1 Answer from Attorneys

Jennifer Stergion Jennifer P Stergion, Esq.

It sounds like you are the putative father (this is the finding the court can make regardless of the existence of a DNA test). A putative father, is, in laymen's terms, the father of the child for all intents and purposes. Assuming you have a court order giving you custody, and not a mere agreement, and that you are determined to be the biological/putative father, the short answer to your question is the court is not likely to remove a child that has been in your custody for nine years and give custody to the mother. This is, of course, assuming that there are no changes in circumstances that would make a change in custody seems appropriate (founded CPS reports, failure to allow mom whatever access she was granted, moving with the daughter without court approval, interference with parent-child relationship, abuse, neglect, etc.).

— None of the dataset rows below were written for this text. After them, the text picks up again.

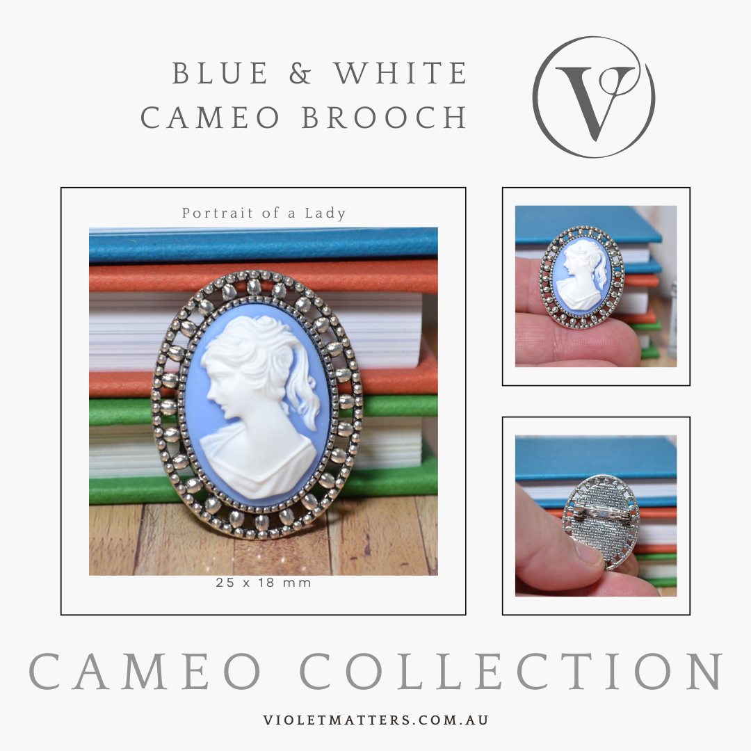 Are you looking for something a little different and special? This particular cameo brooch has been set within an silver plated frame and features a white raised women in profile mounted on a blue resin base. Please note that the size described is for the complete cameo - including the setting - not just the size of the cabochon which is 25x18mm.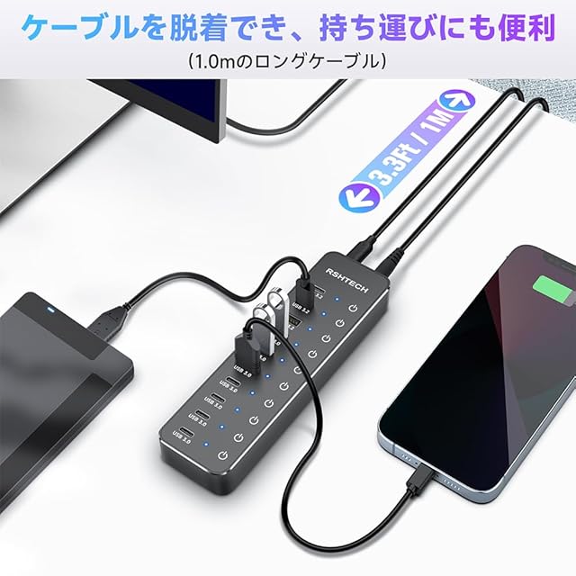 個別スイッチ付き:各USBポートには独立したオン/オフスイッチが付いており、接続機器ごとに電源を管理することができます。これにより、使用していない機器の電源をオフにすることで、無駄な電力をカットし、省エネに貢献します。また、各ポートにはLEDインジケーターが搭載されており、使用中のポートが一目で確認でき、視覚的に操作性が向上します。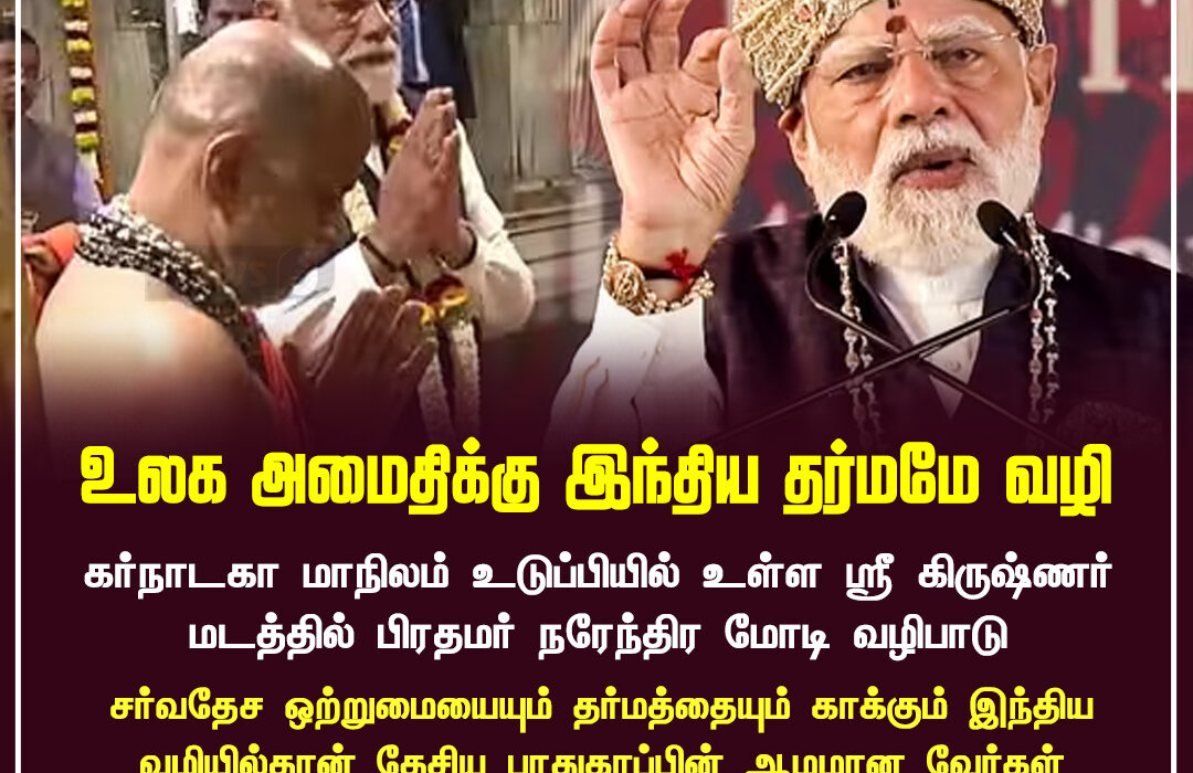 உடுப்பியில் நடைபெற்ற உரையின்போது பிரதமர் நரேந்திர மோடி, இந்திய தர்மத்தின் ஆன்மீக அடிப்படைகளே உலக அமைதிக்கான நிலையான தீர்வாக உள்ளன என வலியுறுத்தினார்.

Typically in that situation the Court will assign a law guardian (attorney-for-the-child) for your daughter. That attorney represents your child, not you and not the mother. The attorney will determine what the best interest of your daughter is in finding out what the real paternity is. The standard typically applied is whether you have been holding yourself out to be the father of this little girl, whether she believes you are her father, and the quality of your relationship with her. Usually these determinations are made before a DNA test is even ordered. You can ask the court not to order that DNA test for fear of how it would affect your relationship with your child.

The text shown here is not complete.